• **EXERCISE**:
Everything from the opening line of the records below through the line with "Проект дом-баня из" must be duplicated exactly, pictures left out.

• **SUPPLIED MATERIAL**:

# # # # # # #

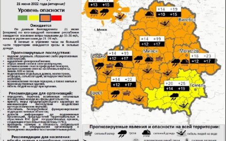21 июня по юго-западной половине республики прогнозируется усиление ветра порывами до 15-20 м/с, ночью и утром местами 21-24 м/с. В ночные и утренние часы на большей части территории страны ожидаются грозы и сильные дожди. Грозы, сильные дожди, усиление ветра до 20 м/с сохранятся в отдельных районах республики 22 июня. Октябрьский РОЧС.
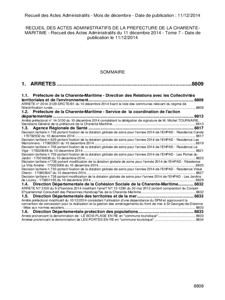RECOIL DES ACTS ADMINISTRATION DE LA PREFECTURE DE LA CHARENTEMARITIME Rectal DES Acts Administration Du 11 December
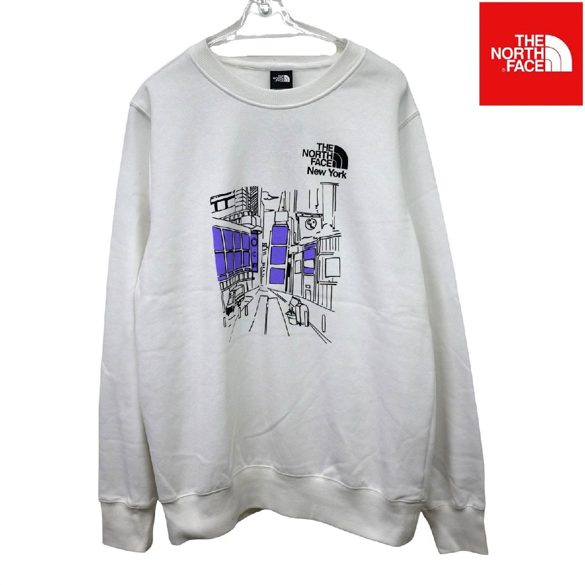 > US限定新品 ノースフェイス ハーフドーム New York city 裏微起毛 クルー スウェット トレーナー XXL 白 プルオーバー THE NORTH FACE/aa45
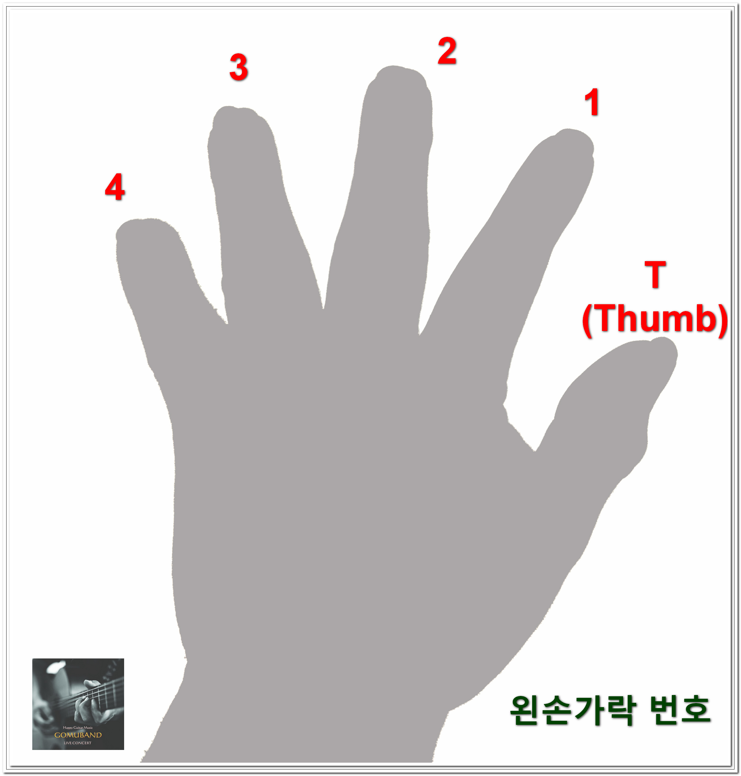 집게손가락 부터 1번, 가운데손가락이 2번, 약손가락이 3번, 새끼손가락이 4번입니다.
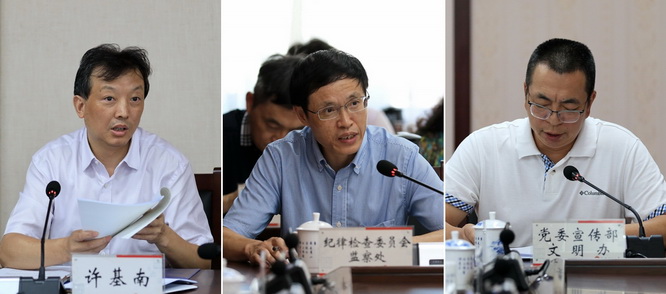 校党委常委、组织部部长许基南传达省委《关于坚决全面彻底肃清苏荣案余毒持续建设风清气正政治生态的意见》精神。校纪委副书记、监察处处长李法贵解读新修订的《中国共产党纪律处分条例》。文明校园建设办公室主任喻春龙传达习近平总书记在全国教育大会上重要讲话精神。
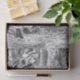 Este papel higiénico para tu envoltura de regalo tiene un dibujo vintage en blanco y negro de una pequeña capucha roja que lleva su capa encapuchada con una canasta y un ramo de flores parándose a hablar con el lobo en el bosque.
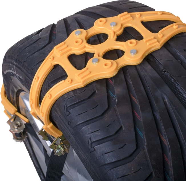 - Egyszerű és gyors felhelyezés – remek alternatíva a hagyományos hóláncokhoz.
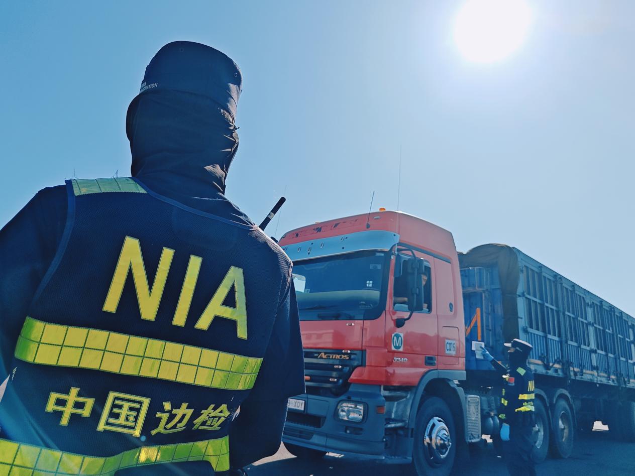 塔克什肯出入境边防检查站执勤民警正在对入境货车进行安全检查 李贵升|摄
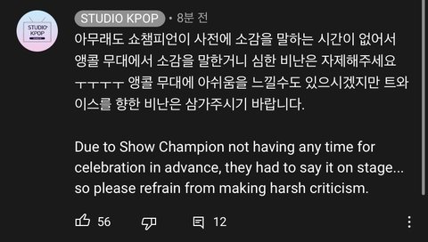 헐 스튜디오kpop 관리자가 트와앵콜에 댓글담
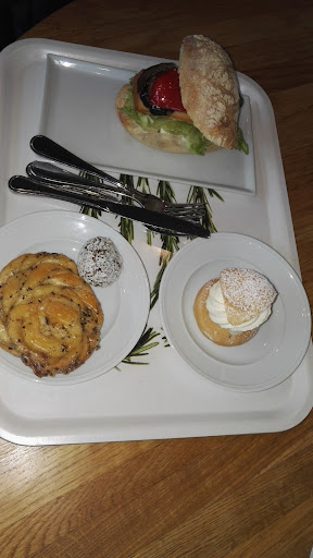 (2019-04-16) Tillägg: Vid våra tidigare besök har jag tagit en kaffe, men nu ville jag ha en te. I skillnad mot andra kaféer så är teutbudet här mycket magert; du får välja på färdigbryggt svart eller grönt te. Vill man ha en annan sort är man tvungen att göra en beställning någon dag i förväg, och beställningen måste vara på minst 4 ... canapéer eller tekannor eller vad man nu [kan] beställa; har man tur har någon annan redan gjort en beställning och man kan hänga på den. Med tanke på hur enkelt det är att ställa fram några burkar med löste eller en ask med olika påsteer framstår det valda arrangemanget som mycket märkligt.
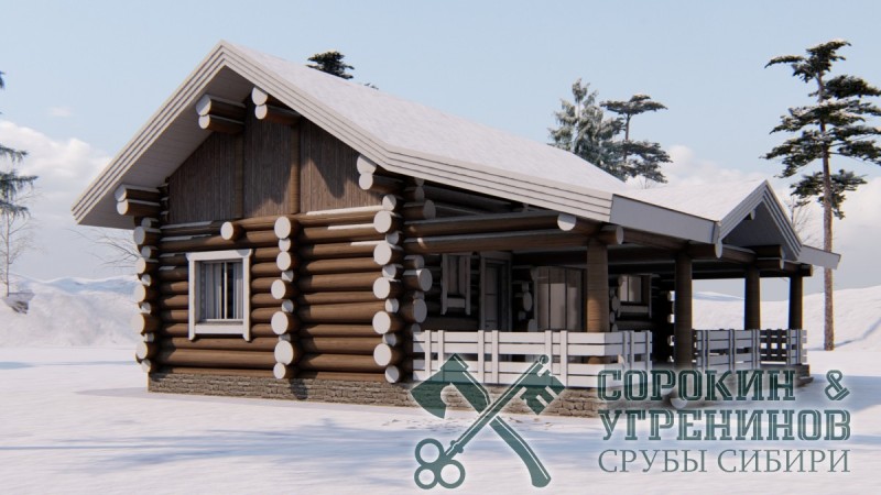 Проект дом-баня из бревна средним диаметром 300мм, размер сруба дома 9,5х11м, объём бревна в срубе 70м3. Дом-баня индивидуальный проект площадью 76м2. Большая терраса с печью барбекю, гостиная, спальная комната, парная, душевая, санузел, красивый внешний вид сруба.
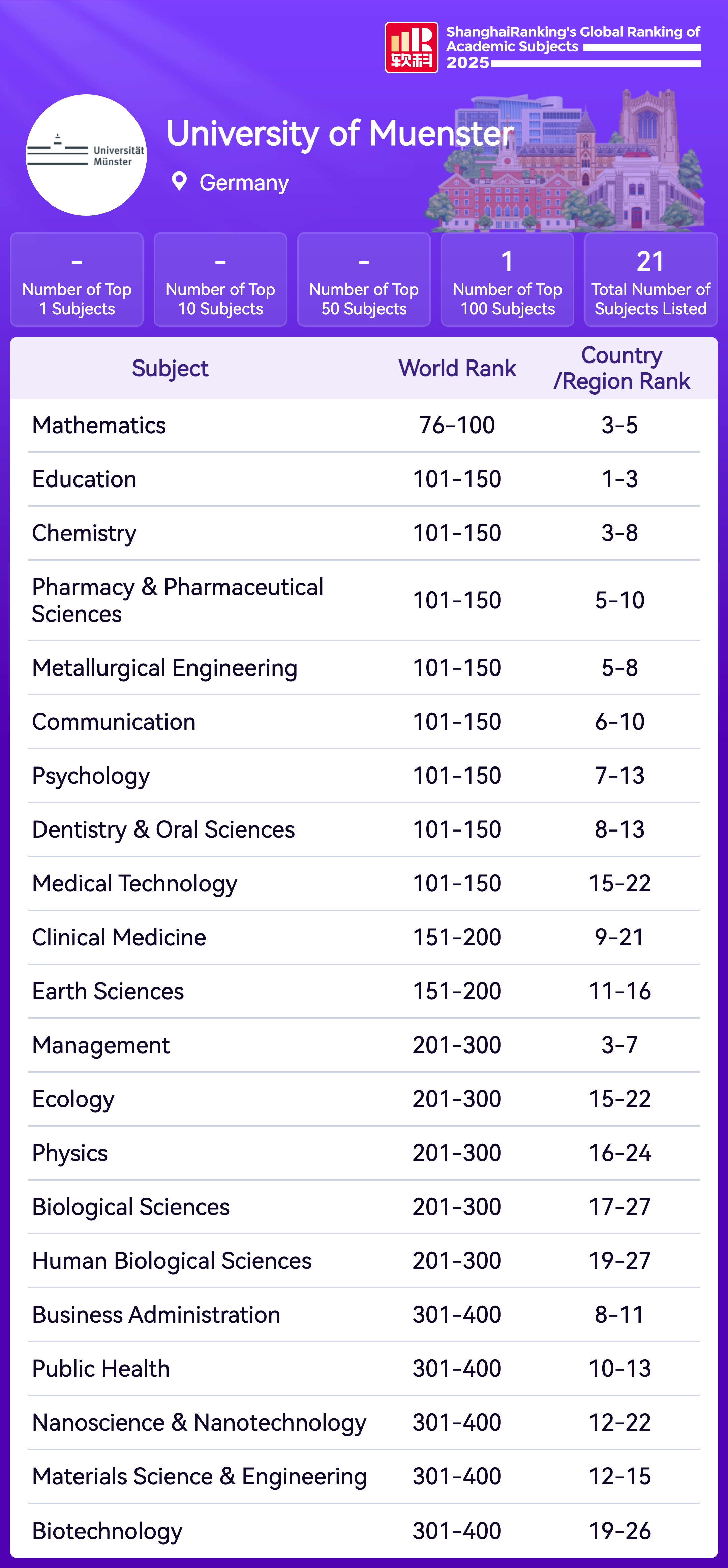 TOP-LEVEL RESEARCH The University of Münster has developed a strong research profile in natural sciences, the humanities, medicine, law and business administration. It targets top-level research in high-performance areas for and combines this with promoting first-class young researchers. At the same time, by ensuring that broad research can be carried out it creates a secure basis on which excellence can thrive. HIGH-QUALITY TEACHING The University of Münster’s aims in the field of research are closely linked with its own commitment to provide high-quality courses of study covering a wide range of subjects. It has taken a pioneering lead in changing teacher training to the double bachelor degree. The second step – a bottom-up process – will involve the masters courses. The development of programmes for structured doctoral courses represents the third step in the realisation of the objectives set out in the Bologna process. The University of Münster thus provides the best possible teaching on the basis of high-quality broad and top-level research. PROMOTING YOUNG RESEARCHERS The University of Münster organises the promotion of outstanding academic junior researchers in graduate schools which provide structured doctoral courses. Moreover the university creates an environment conducive to top-level research carried out by postdocs. It also supports the setting up of groups of young researchers and the creation of junior professorships in order to strengthen the links between postgraduate education and research. GENDER MAINSTREAMING The University of Münster considers gender equality to be a task of strategic importance. The aim is to make it easier for women to combine an academic career and family interests. It is in combination with the high quality of life offered by the Münster region that the university hopes to reap benefits in recruiting brilliant researchers in the future. The University of Münster's second strategic objective in the field of gender mainstreaming is to apply suitable measures to strengthen women’s social qualifications in pursuing academic careers. In order to initiate such measures to reach these goals, the University of Münster subjects its gender mainstreaming policies to an external “family-friendly university audit”.
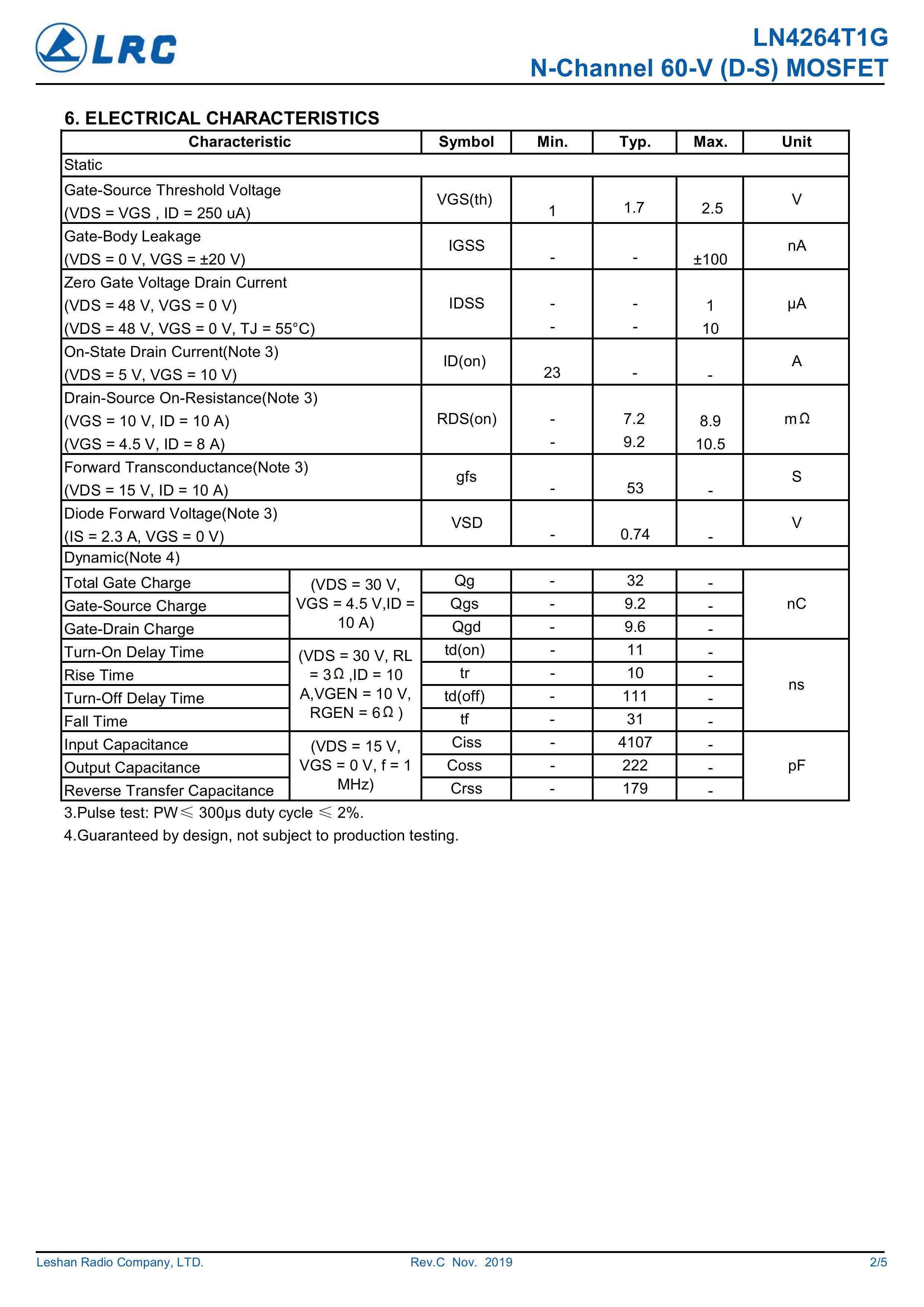 LN4264T1G/LN4264 大芯片中低电压大电流低内阻低漏电的分立式功率整流晶体开关管。本品采用内置大尺寸芯片,漏极3脚位源极4脚位,支持多路输入 输出贴片式封装,,具有适应中低电压低内阻损耗高频高效恢复快等电气特性特点。通用于电源、小家电、锂电池、马达电机、电动工具、无人机、电器、适配器、充电器、逆变器、充电桩、特种电源、高频电源、风光储新能源、医疗设备、工业工控等产品电路作电子开关、控制、整流、放大、钳位、防反接、防逆回流等作用。
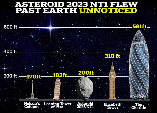 Ο αστεροειδής 2023 NT1, ο οποίος τώρα απομακρύνεται από τη Γη με ταχύτητα περίπου 25.000 μιλίων (40.233 χιλιόμετρα) την ώρα, έχει διάμετρο έως και 200 πόδια (60,96 μέτρα), δηλαδή μεγαλύτερη από τον Πύργο της Πίζας.
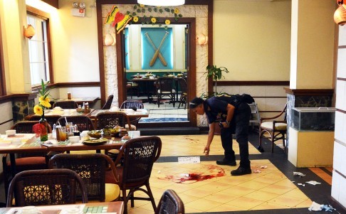 Nhân viên thu ngân của nhà hàng, cô Remedios Rivalde (27 tuổi) là nhân chứng đã nghe thấy tiếng súng. "Tôi nấp ngay dưới bàn tính tiền, bịt tai lại. Nhiều tiếng nổ khác tiếp tục vang lên", cô nói với báo South China Morning Post.

# # # # # # #

• **TASK SOLUTION**:
21 июня по юго-западной половине республики прогнозируется усиление ветра порывами до 15-20 м/с, ночью и утром местами 21-24 м/с. В ночные и утренние часы на большей части территории страны ожидаются грозы и сильные дожди. Грозы, сильные дожди, усиление ветра до 20 м/с сохранятся в отдельных районах республики 22 июня. Октябрьский РОЧС.
RECOIL DES ACTS ADMINISTRATION DE LA PREFECTURE DE LA CHARENTEMARITIME Rectal DES Acts Administration Du 11 December
 > US限定新品 ノースフェイス ハーフドーム New York city 裏微起毛 クルー スウェット トレーナー XXL 白 プルオーバー THE NORTH FACE/aa45
 집게손가락 부터 1번, 가운데손가락이 2번, 약손가락이 3번, 새끼손가락이 4번입니다.
 校党委常委、组织部部长许基南传达省委《关于坚决全面彻底肃清苏荣案余毒持续建设风清气正政治生态的意见》精神。校纪委副书记、监察处处长李法贵解读新修订的《中国共产党纪律处分条例》。文明校园建设办公室主任喻春龙传达习近平总书记在全国教育大会上重要讲话精神。
 Este papel higiénico para tu envoltura de regalo tiene un dibujo vintage en blanco y negro de una pequeña capucha roja que lleva su capa encapuchada con una canasta y un ramo de flores parándose a hablar con el lobo en el bosque.
 - Egyszerű és gyors felhelyezés – remek alternatíva a hagyományos hóláncokhoz.
 塔克什肯出入境边防检查站执勤民警正在对入境货车进行安全检查 李贵升|摄
 헐 스튜디오kpop 관리자가 트와앵콜에 댓글담
 (2019-04-16) Tillägg: Vid våra tidigare besök har jag tagit en kaffe, men nu ville jag ha en te. I skillnad mot andra kaféer så är teutbudet här mycket magert; du får välja på färdigbryggt svart eller grönt te. Vill man ha en annan sort är man tvungen att göra en beställning någon dag i förväg, och beställningen måste vara på minst 4 ... canapéer eller tekannor eller vad man nu [kan] beställa; har man tur har någon annan redan gjort en beställning och man kan hänga på den. Med tanke på hur enkelt det är att ställa fram några burkar med löste eller en ask med olika påsteer framstår det valda arrangemanget som mycket märkligt.
 Проект дом-баня из бревна средним диаметром 300мм, размер сруба дома 9,5х11м, объём бревна в срубе 70м3. Дом-баня индивидуальный проект площадью 76м2. Большая терраса с печью барбекю, гостиная, спальная комната, парная, душевая, санузел, красивый внешний вид сруба.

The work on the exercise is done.